Unhedged Wins: Currency Volatility Has Boosted S&P 500 Returns for Canadians
Feb 10, 2025
Unhedged exposure to the S&P 500 has consistently outperformed CAD-hedged investments, particularly since 2019, thanks to trade uncertainty, tariff risks, and Canadian dollar weakness. This trend shows no signs of slowing.
To examine this divergence, we analyzed two widely-used ETFs: iShares Core S&P 500 Index ETFs: XUS, which tracks the S&P 500 with unhedged CAD exposure, and XSP, which offers CAD-hedged exposure. Both ETFs replicate the S&P 500 index but differ in how they handle currency risk, providing critical insights into the impact of FX movements on investment performance.
KEY INSIGHTS
Unhedged strategies thrive on CAD weakness: Over the past five years, XUS delivered a 119% return, far exceeding XSP’s 92%. The Canadian dollar’s 6% decline against the USD over the same period magnified unhedged returns (Chart 1).
Trade tensions amplified the divergence: Since the 2024 U.S. Election, unhedged exposure delivered 5.1% returns versus only 1.8% for hedged investments. The persistent uncertainty during this period benefited USD-based assets (Chart 2).
Currency trends remain favorable for unhedged exposure: The CAD has declined 11% over three years, reflecting structural challenges in Canada’s economy.
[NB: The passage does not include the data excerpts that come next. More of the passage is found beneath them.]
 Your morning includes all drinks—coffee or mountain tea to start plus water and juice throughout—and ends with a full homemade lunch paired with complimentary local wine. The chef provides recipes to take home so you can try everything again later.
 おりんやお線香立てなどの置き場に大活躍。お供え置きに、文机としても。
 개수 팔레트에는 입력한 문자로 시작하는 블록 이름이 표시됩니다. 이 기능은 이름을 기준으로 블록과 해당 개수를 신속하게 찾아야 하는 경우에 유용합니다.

This trend, coupled with macroeconomic volatility, continues to bolster unhedged returns (Chart 3).
Chart 1: Unhedged Wins – Long-term- Returns Outpace Hedged Strategies

Chart 2: Tariff Talk Fuels Unhedged Outperformance

Chart 3: CAD Weakness: A Persistent Tailwind for Unhedged Investors

WHY UNHEDGED RETURNS OUTPERFORM
Currency Depreciation Drives Gains
The Canadian dollar’s persistent weakness, including a 3.4% decline since the U.S. Election, significantly boosts unhedged returns. Over five years, this structural trend amplified XUS’s (Unhedged) performance relative to XSP (Hedged) by a 27 percentage point margin. (Chart 1).
Trade Policy and Tariff Risks
Short-term divergence remains notable - Since the U.S. Election, XUS returned 5.1%, outperforming XSP’s 1.8%. The CAD’s 3.4% depreciation during this period highlights the structural advantage of unhedged exposure (Charts 2 & 3)
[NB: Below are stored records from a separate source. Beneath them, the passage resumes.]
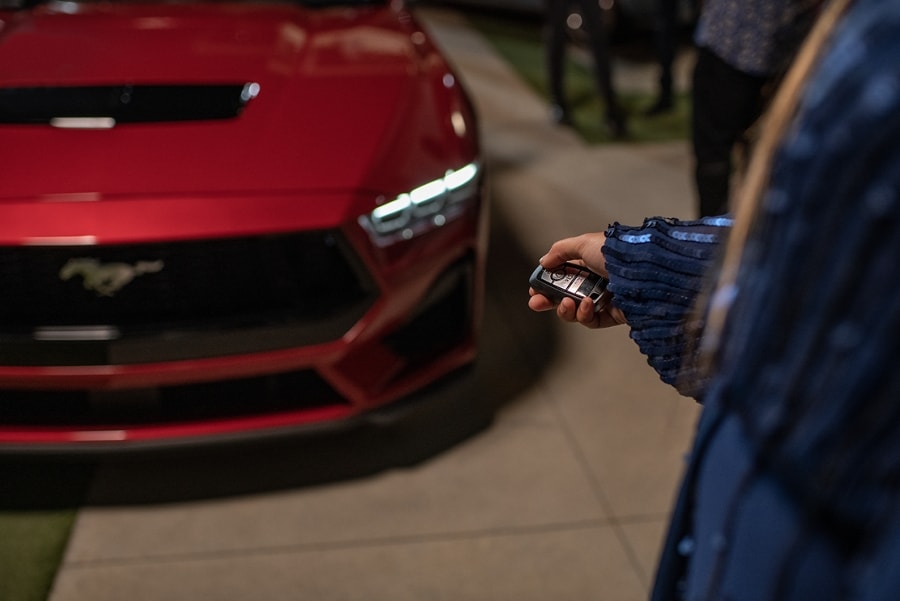 Feel the power at your fingertips. Intelligent Access with push-button* start comes standard on all 2024 Mustang® models. With this key fob in your pocket or bag, you can just get in, buckle up and fly.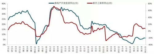 图:2007年至今开发投资额、新开工面积累计同比走势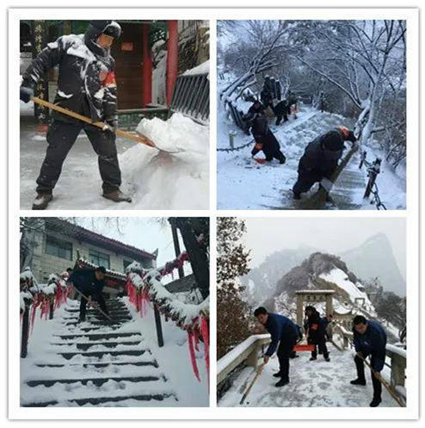 2月9日晚,一場(chǎng)大雪突降華山景區(qū),當(dāng)工作人員與游客一起沉浸在新年的喜悅氛圍時(shí),華山景區(qū)悄然鋪上了一層厚厚的積雪。2月10日早6時(shí),華旅集團(tuán)通過(guò)多渠道號(hào)召全體員工在各自崗位迅速開(kāi)展掃雪除冰工作。雪情就是命令,來(lái)不及欣賞新年首場(chǎng)雪景,廣大員工扛起掃把鐵鍬等掃雪工具,第一時(shí)間奔赴“戰(zhàn)場(chǎng)”,全力確保景區(qū)恢復(fù)運(yùn)營(yíng)。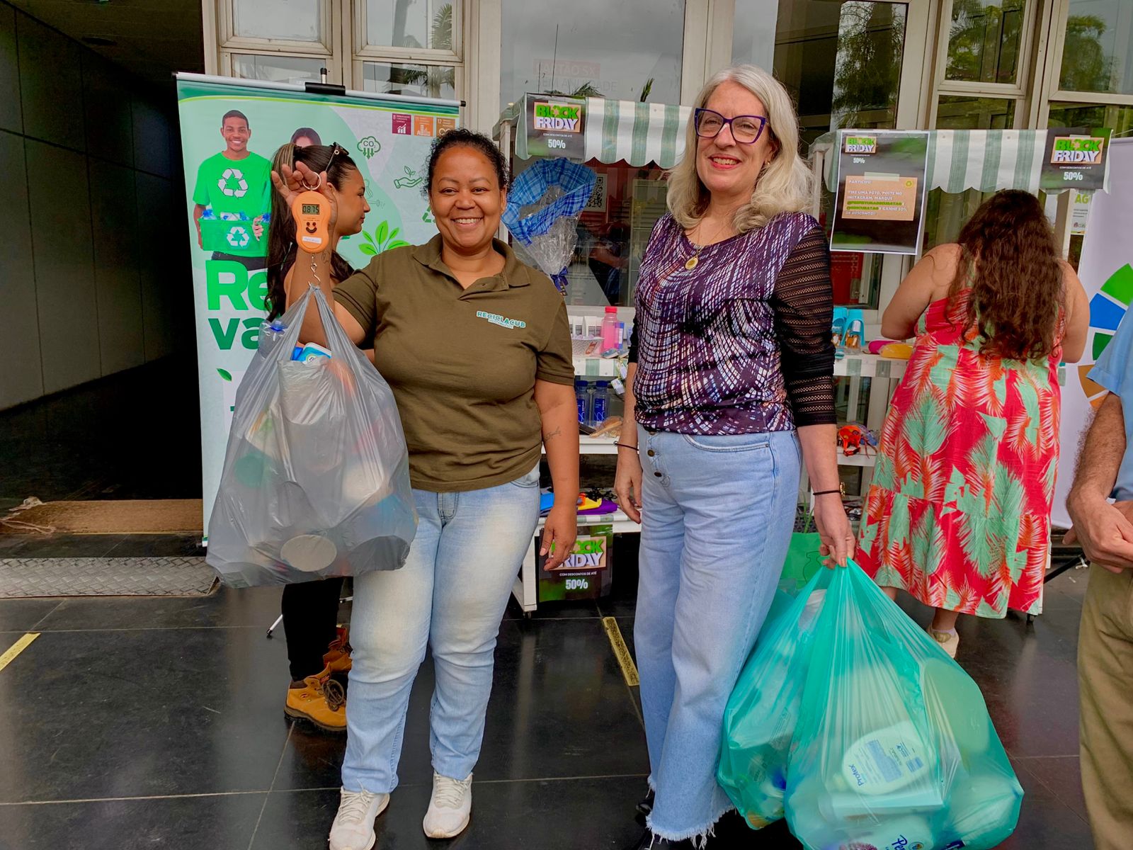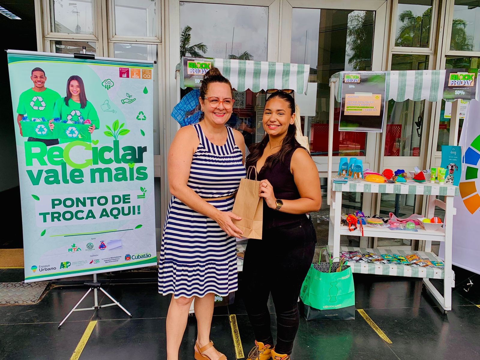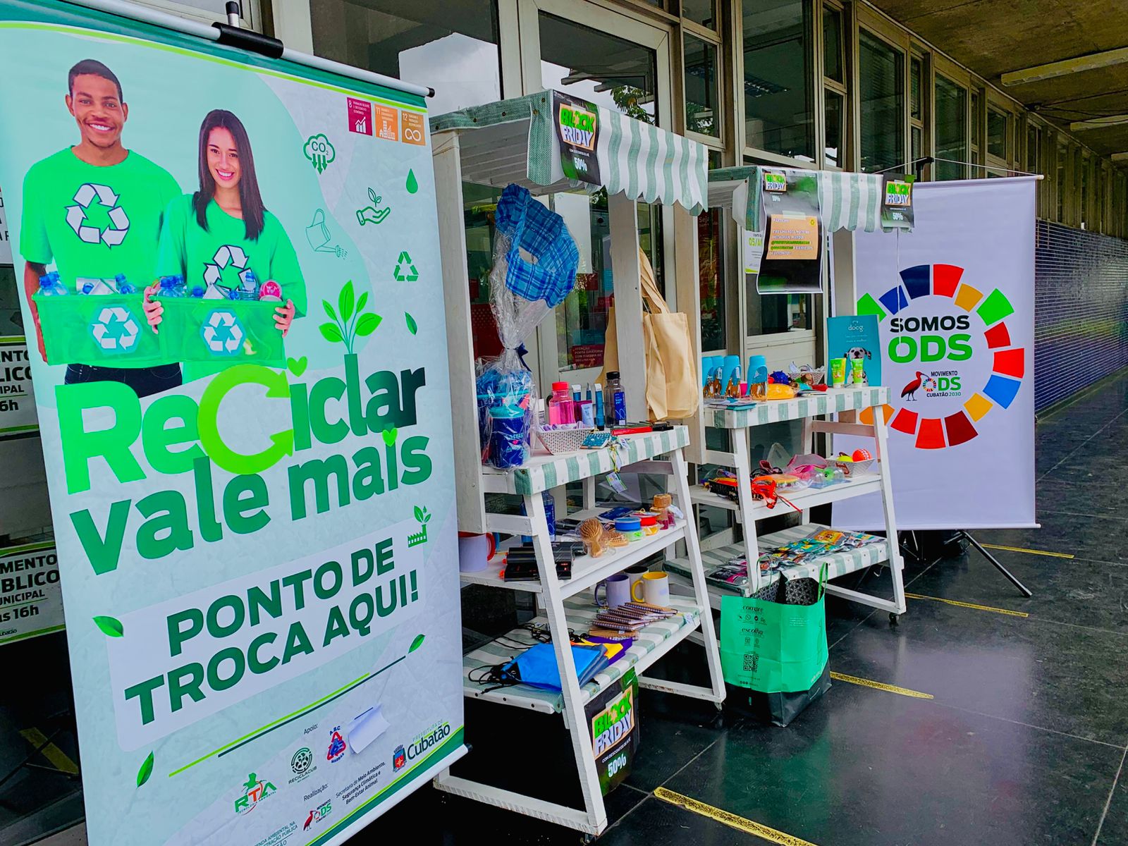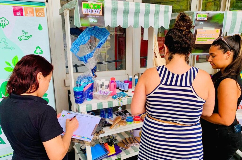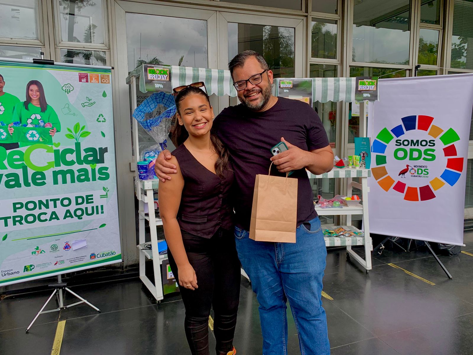 A Prefeitura de Cubatão, por meio da Secretaria Meio Ambiente, Segurança Climática e Bem-estar Animal, promoveu mais um Dia Verde, na manhã desta sexta-feira (14), para os servidores municipais, na entrada do Paço Municipal. A ação é uma ecotroca de embalagens plásticas por produtos eletrônicos, decorativos, de higiene pessoal, cosméticos, produtos para pets entre outros. A última edição do ano veio com promoções da Black Friday, com 50% de desconto: para participar bastava tirar uma foto de um dos estandes e publicar no Instagram, marcando os perfis da Prefeitura (@prefeituradecubatao) e do Movimento ODS (@odscubatao).

Global Uncertainty Favors the USD with Higher Risk-Adjusted Returns
The Canadian Dollar has weakened by 11% over three years and 6% over five years, providing a tailwind for USD-denominated investments (Chart 3)
FINAL TAKEAWAY
Currency volatility is an enduring driver of unhedged returns. With persistent trade risks and a structurally weaker CAD, unhedged strategies remain well-positioned to outperform. Over the past five years, the CAD’s steady decline against the USD (-6%) has been a boon for unhedged investors. This depreciation trend reflects broader economic pressures, including weaker productivity growth and reliance on commodity exports. For Canadian investors in U.S. equities, hedging may mean sacrificing gains during uncertain times.